▸ **EXTRACTED INFORMATION**:
───

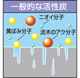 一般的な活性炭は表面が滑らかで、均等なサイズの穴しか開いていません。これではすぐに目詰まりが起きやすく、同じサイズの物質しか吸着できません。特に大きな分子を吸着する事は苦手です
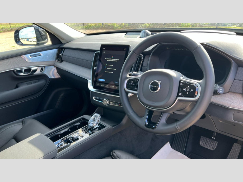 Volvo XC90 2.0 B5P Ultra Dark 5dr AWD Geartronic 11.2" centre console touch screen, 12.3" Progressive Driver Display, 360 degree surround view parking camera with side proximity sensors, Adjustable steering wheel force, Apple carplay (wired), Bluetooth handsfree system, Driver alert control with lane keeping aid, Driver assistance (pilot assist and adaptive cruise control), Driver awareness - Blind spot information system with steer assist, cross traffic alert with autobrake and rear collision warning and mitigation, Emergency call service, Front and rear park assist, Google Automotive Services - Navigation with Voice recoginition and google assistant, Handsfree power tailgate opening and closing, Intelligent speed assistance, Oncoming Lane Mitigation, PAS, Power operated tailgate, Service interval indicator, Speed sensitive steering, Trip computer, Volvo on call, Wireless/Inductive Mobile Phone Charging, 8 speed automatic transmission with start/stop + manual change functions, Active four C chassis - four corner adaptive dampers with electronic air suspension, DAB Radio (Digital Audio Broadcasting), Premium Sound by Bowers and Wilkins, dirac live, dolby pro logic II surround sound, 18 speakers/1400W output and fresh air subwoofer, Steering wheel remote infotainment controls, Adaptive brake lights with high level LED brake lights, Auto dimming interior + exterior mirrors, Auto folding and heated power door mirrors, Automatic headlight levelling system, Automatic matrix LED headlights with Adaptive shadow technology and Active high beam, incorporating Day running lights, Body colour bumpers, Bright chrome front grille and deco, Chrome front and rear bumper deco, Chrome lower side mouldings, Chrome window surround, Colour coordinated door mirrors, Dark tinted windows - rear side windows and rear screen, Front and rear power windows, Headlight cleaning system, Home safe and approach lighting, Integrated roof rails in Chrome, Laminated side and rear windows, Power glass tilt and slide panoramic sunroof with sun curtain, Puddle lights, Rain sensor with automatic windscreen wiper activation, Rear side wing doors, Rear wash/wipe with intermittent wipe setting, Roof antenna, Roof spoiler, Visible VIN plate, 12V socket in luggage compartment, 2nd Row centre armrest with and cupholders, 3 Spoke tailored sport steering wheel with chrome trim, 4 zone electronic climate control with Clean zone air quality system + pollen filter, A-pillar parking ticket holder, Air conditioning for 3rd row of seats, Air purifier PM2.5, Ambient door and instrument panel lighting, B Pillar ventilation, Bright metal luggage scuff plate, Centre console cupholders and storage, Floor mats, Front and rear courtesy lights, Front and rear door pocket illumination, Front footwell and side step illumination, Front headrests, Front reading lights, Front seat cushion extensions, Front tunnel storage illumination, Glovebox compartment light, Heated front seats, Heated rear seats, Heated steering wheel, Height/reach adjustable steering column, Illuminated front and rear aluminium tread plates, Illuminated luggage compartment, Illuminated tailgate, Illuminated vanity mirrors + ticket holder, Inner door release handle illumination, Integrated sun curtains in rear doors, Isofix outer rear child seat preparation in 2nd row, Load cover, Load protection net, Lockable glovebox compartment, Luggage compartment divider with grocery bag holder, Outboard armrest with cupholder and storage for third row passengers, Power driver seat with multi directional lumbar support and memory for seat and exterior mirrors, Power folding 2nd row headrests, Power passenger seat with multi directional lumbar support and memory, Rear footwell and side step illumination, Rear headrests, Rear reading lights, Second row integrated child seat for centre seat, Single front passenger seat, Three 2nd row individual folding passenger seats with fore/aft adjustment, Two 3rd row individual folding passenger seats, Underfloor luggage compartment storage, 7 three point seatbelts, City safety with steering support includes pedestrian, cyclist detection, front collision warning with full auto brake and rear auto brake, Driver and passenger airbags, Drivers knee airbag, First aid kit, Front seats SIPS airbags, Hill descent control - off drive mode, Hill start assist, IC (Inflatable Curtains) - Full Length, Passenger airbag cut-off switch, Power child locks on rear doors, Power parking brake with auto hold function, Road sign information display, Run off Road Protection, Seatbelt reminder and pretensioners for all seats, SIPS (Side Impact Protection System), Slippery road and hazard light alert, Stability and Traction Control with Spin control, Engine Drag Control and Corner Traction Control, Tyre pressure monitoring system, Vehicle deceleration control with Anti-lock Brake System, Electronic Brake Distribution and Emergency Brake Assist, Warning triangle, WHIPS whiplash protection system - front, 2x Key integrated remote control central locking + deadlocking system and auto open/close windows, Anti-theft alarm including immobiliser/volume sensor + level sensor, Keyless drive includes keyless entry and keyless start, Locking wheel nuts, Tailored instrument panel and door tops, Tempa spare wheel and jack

───

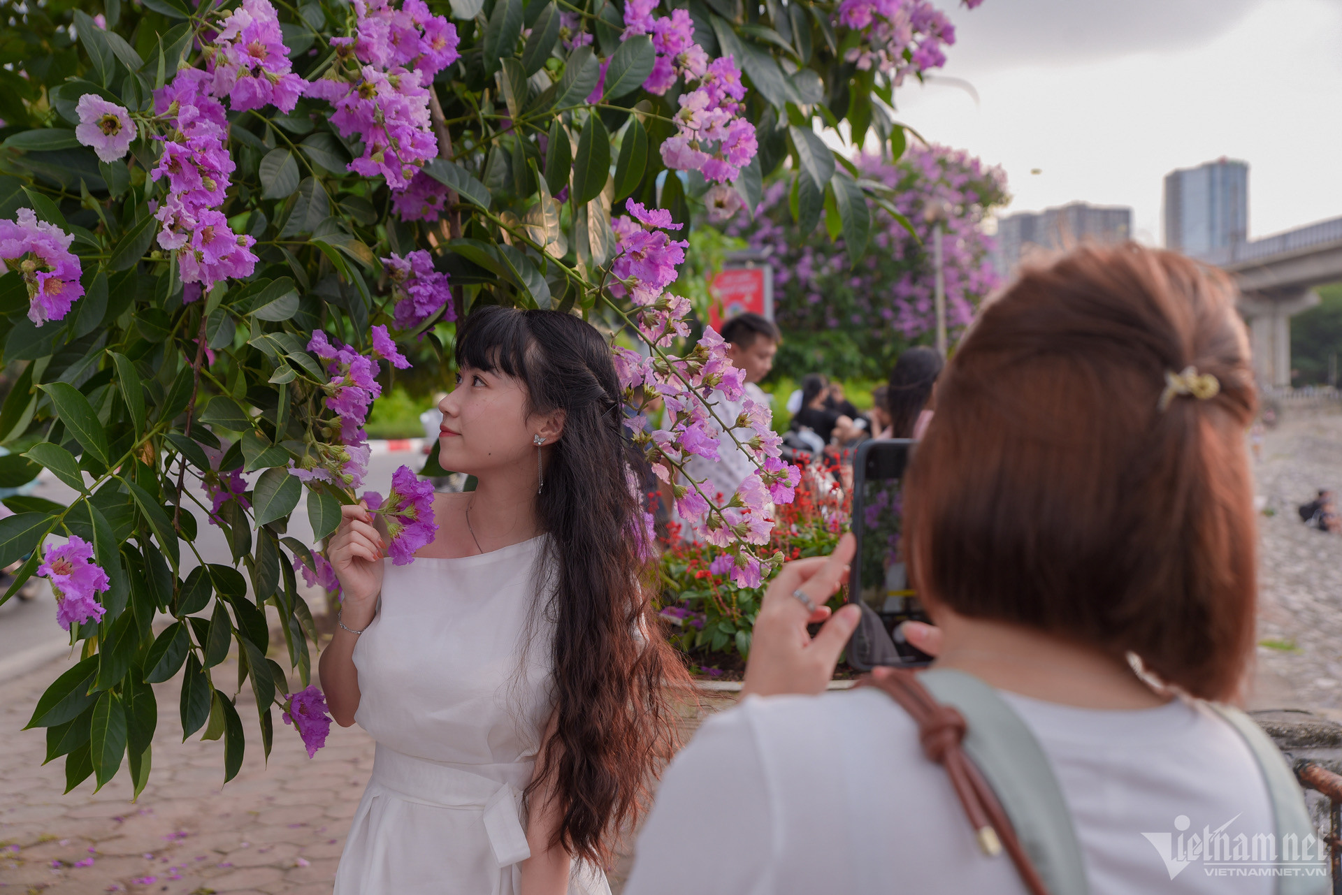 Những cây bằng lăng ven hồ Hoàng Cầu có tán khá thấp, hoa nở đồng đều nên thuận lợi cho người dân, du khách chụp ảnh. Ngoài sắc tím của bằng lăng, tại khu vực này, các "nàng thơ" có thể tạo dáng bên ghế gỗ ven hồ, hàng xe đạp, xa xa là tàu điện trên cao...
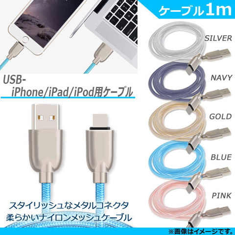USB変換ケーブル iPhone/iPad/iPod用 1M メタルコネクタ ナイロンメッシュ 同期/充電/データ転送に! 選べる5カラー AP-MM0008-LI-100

───

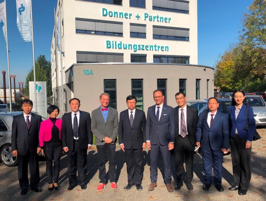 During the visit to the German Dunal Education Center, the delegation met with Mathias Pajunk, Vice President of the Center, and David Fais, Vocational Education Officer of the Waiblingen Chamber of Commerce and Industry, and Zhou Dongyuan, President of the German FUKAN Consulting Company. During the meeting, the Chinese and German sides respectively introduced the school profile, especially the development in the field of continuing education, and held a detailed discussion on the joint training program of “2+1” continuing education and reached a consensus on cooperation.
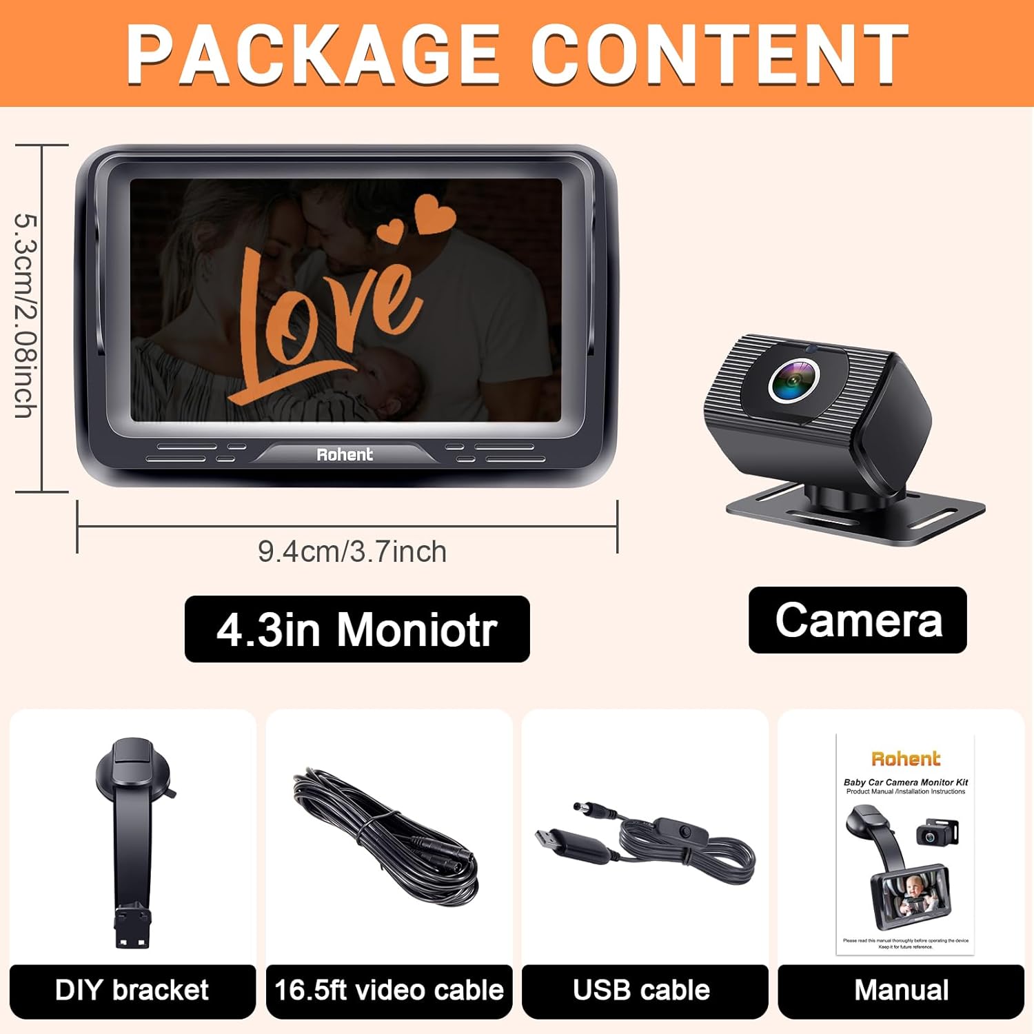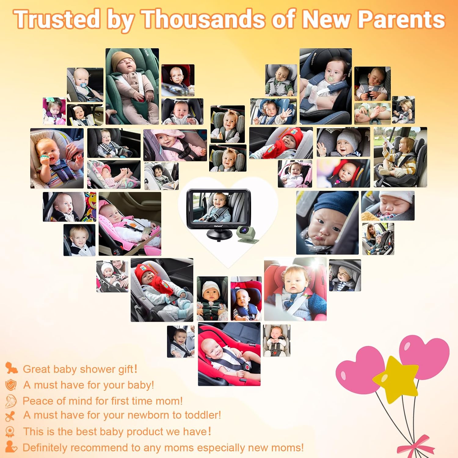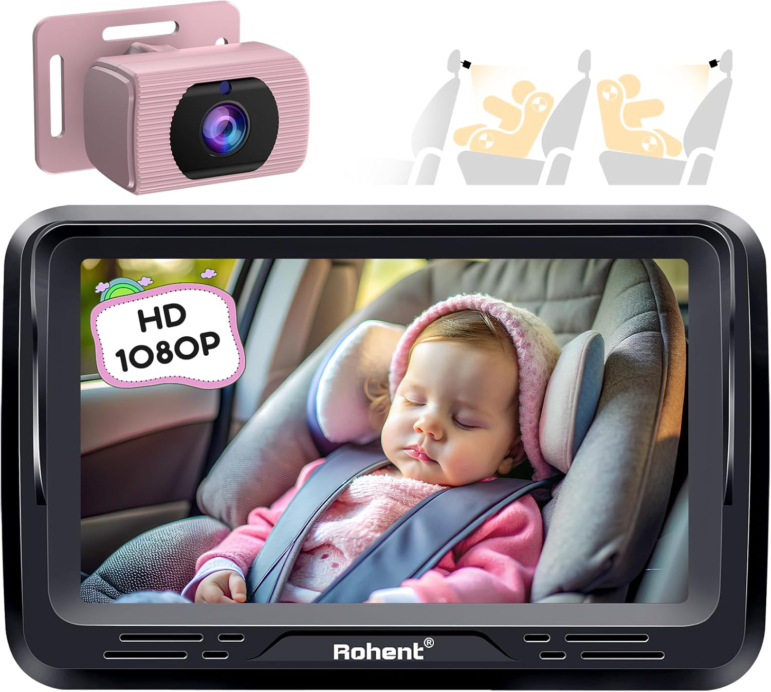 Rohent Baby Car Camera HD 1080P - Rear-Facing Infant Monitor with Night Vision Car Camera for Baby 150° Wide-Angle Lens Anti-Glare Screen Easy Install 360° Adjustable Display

───

▸ **TASK BRIEF**: An exact copy of the lines above from the one with "Những cây bằng" up to and including the one with "USB変換ケーブル iPhone/iPad/iPod用 1M" is required; reproduce only those lines, omitting all pictures.

▸ **EXERCISE SOLUTION**:
 Những cây bằng lăng ven hồ Hoàng Cầu có tán khá thấp, hoa nở đồng đều nên thuận lợi cho người dân, du khách chụp ảnh. Ngoài sắc tím của bằng lăng, tại khu vực này, các "nàng thơ" có thể tạo dáng bên ghế gỗ ven hồ, hàng xe đạp, xa xa là tàu điện trên cao...
USB変換ケーブル iPhone/iPad/iPod用 1M メタルコネクタ ナイロンメッシュ 同期/充電/データ転送に! 選べる5カラー AP-MM0008-LI-100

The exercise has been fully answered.